§ Your goal
Your copy of the data should match it exactly, except that the pictures are gone.

___ Stored data

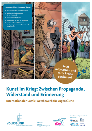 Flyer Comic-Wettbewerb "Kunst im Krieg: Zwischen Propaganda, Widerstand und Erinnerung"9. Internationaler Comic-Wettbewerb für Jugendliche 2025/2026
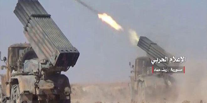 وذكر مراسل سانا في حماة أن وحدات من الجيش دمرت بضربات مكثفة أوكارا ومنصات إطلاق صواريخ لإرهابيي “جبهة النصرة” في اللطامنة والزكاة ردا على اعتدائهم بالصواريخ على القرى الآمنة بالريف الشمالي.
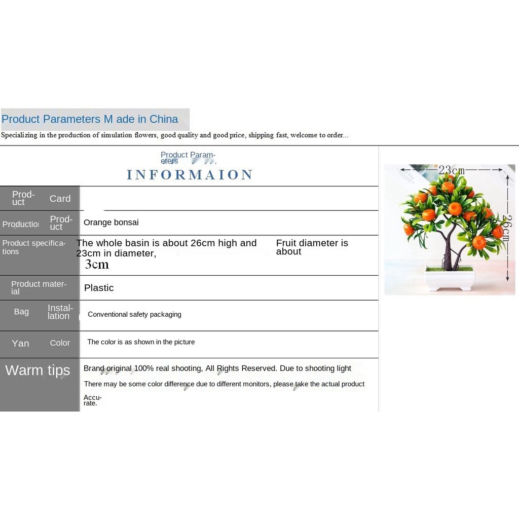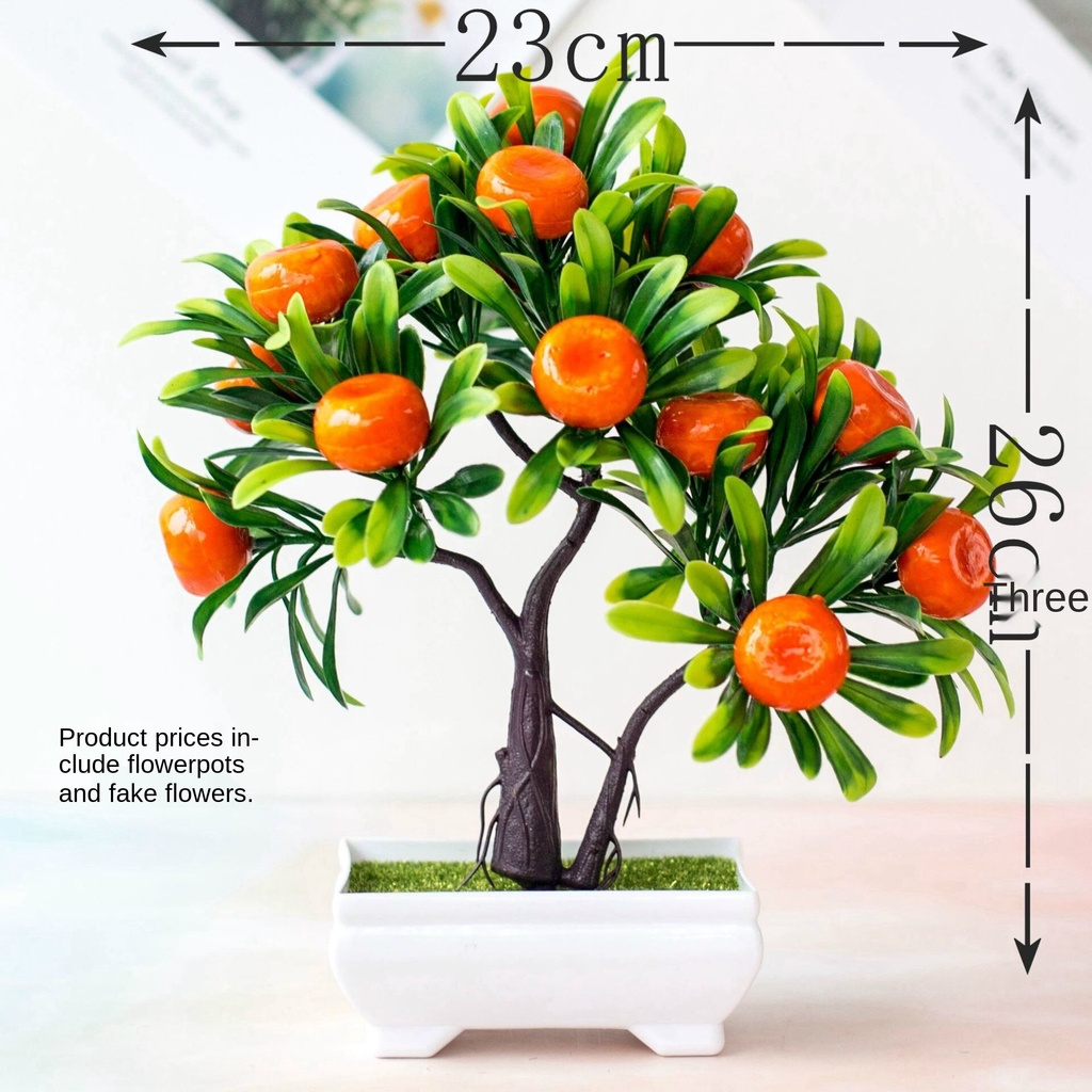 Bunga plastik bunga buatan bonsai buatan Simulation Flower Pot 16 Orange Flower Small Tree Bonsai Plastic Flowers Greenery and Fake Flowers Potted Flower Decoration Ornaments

______

§ Solution to this problem
 Flyer Comic-Wettbewerb "Kunst im Krieg: Zwischen Propaganda, Widerstand und Erinnerung"9. Internationaler Comic-Wettbewerb für Jugendliche 2025/2026
 وذكر مراسل سانا في حماة أن وحدات من الجيش دمرت بضربات مكثفة أوكارا ومنصات إطلاق صواريخ لإرهابيي “جبهة النصرة” في اللطامنة والزكاة ردا على اعتدائهم بالصواريخ على القرى الآمنة بالريف الشمالي.
 Bunga plastik bunga buatan bonsai buatan Simulation Flower Pot 16 Orange Flower Small Tree Bonsai Plastic Flowers Greenery and Fake Flowers Potted Flower Decoration Ornaments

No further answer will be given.